WHAT THE TASK REQUIRES:
From the material below, copy exactly the lines beginning with the one that contains "ست سرویس بهداشتی سه تیکه رومیزی طوسی کنتراست" and ending with the one that contains "JR真维斯纯棉长袖T恤女2025新款秋季洋气内搭打底衫休闲上衣"; the pictures stay out.

AVAILABLE DATA:

• • •

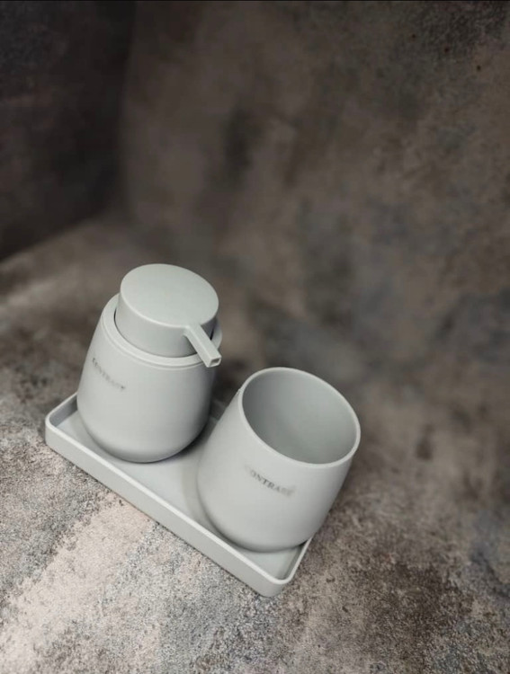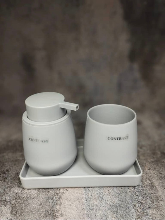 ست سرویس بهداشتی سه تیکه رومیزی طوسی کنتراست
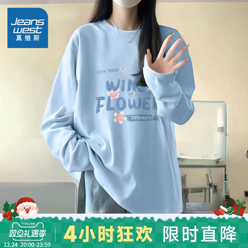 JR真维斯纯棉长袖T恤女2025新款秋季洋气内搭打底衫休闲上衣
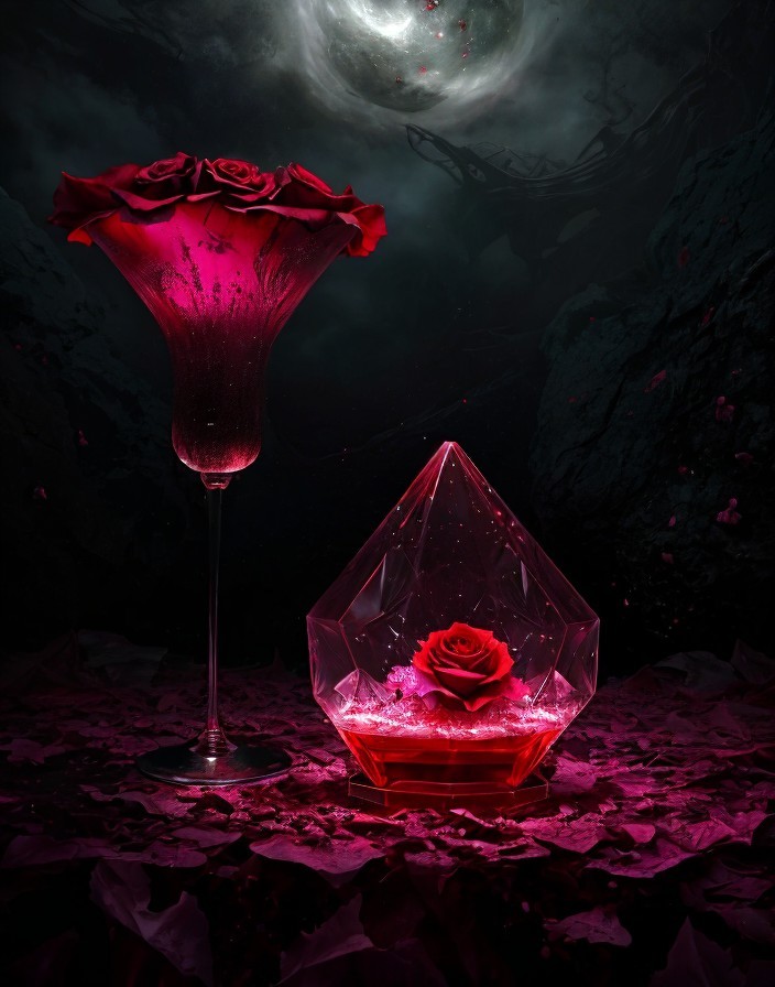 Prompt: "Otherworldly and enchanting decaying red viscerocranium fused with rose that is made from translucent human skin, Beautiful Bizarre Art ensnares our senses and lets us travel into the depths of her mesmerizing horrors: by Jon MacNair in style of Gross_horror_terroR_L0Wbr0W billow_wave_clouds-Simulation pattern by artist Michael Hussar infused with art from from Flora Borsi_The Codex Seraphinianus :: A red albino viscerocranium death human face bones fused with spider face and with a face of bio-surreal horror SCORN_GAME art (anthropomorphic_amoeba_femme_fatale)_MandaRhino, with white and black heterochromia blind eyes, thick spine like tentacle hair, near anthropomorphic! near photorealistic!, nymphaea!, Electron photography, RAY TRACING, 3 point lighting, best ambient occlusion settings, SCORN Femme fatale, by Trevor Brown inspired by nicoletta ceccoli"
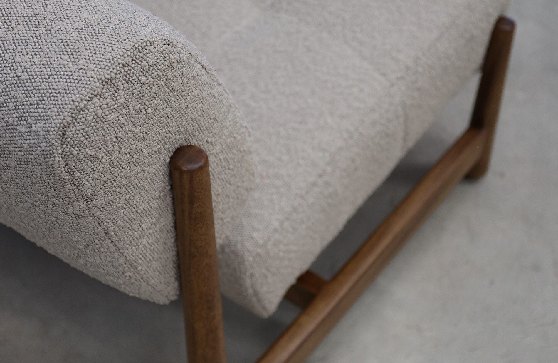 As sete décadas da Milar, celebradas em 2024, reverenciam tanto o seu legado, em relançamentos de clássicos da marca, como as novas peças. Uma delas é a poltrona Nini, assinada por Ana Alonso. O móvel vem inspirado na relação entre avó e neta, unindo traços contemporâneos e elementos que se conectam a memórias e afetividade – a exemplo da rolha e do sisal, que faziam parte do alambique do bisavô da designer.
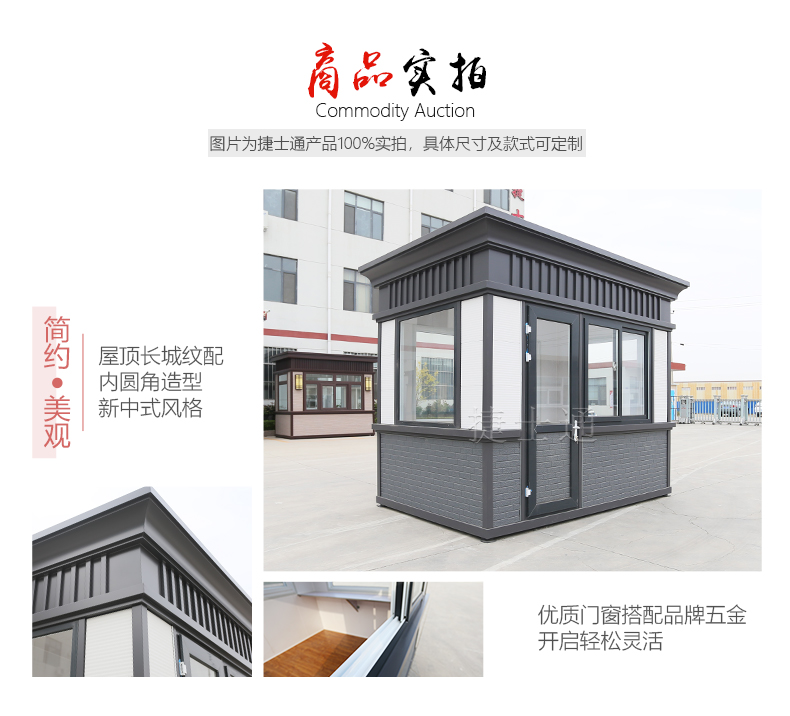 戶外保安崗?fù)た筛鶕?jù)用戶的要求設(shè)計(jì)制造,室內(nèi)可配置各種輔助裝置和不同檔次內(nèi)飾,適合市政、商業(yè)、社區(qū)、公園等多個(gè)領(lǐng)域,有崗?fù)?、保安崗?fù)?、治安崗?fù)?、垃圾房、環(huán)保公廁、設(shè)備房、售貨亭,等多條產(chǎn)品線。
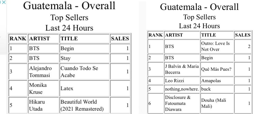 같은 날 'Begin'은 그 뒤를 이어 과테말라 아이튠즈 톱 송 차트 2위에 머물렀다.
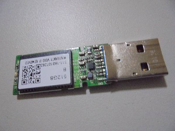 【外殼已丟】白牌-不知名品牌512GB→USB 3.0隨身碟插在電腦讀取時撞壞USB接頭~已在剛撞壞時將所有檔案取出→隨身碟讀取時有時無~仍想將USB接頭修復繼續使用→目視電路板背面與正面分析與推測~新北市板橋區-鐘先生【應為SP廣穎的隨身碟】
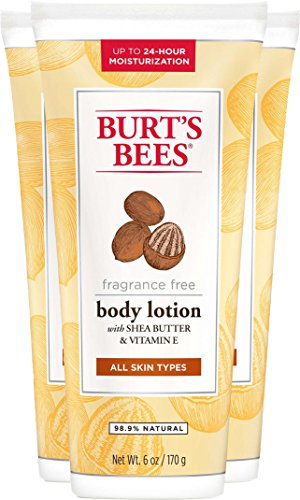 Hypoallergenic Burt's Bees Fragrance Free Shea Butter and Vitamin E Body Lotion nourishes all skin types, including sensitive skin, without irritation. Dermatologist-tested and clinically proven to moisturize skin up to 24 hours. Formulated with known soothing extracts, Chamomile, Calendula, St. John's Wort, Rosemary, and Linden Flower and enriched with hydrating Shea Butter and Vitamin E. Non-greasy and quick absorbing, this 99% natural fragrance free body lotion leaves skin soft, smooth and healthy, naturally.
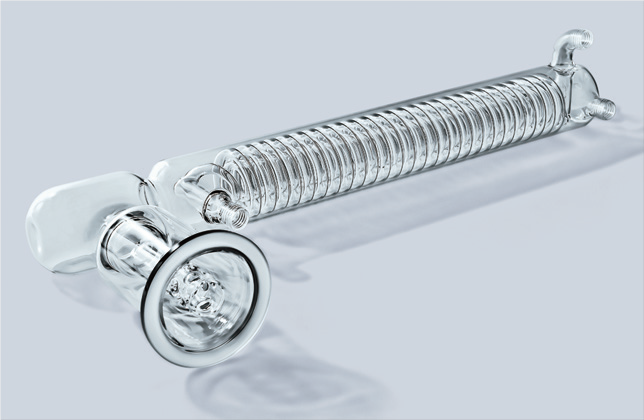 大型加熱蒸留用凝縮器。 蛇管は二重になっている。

• • •

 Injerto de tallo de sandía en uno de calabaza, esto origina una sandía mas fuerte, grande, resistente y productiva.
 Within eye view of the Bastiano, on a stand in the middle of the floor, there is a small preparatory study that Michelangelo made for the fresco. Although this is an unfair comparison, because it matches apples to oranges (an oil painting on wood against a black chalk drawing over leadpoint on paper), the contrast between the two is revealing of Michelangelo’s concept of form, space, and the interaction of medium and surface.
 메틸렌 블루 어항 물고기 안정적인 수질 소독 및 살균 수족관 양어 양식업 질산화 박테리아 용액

• • •

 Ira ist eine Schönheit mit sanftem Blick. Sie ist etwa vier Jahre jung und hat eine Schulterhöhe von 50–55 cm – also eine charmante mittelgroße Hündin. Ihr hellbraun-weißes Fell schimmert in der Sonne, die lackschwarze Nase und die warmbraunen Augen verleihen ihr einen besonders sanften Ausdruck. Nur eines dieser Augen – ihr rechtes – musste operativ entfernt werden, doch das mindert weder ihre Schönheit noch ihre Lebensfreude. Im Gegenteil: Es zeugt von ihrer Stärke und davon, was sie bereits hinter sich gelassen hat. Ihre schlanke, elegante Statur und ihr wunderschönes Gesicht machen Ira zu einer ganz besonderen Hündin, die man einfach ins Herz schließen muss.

• • •

WRITTEN REPLY:
 ست سرویس بهداشتی سه تیکه رومیزی طوسی کنتراست
 JR真维斯纯棉长袖T恤女2025新款秋季洋气内搭打底衫休闲上衣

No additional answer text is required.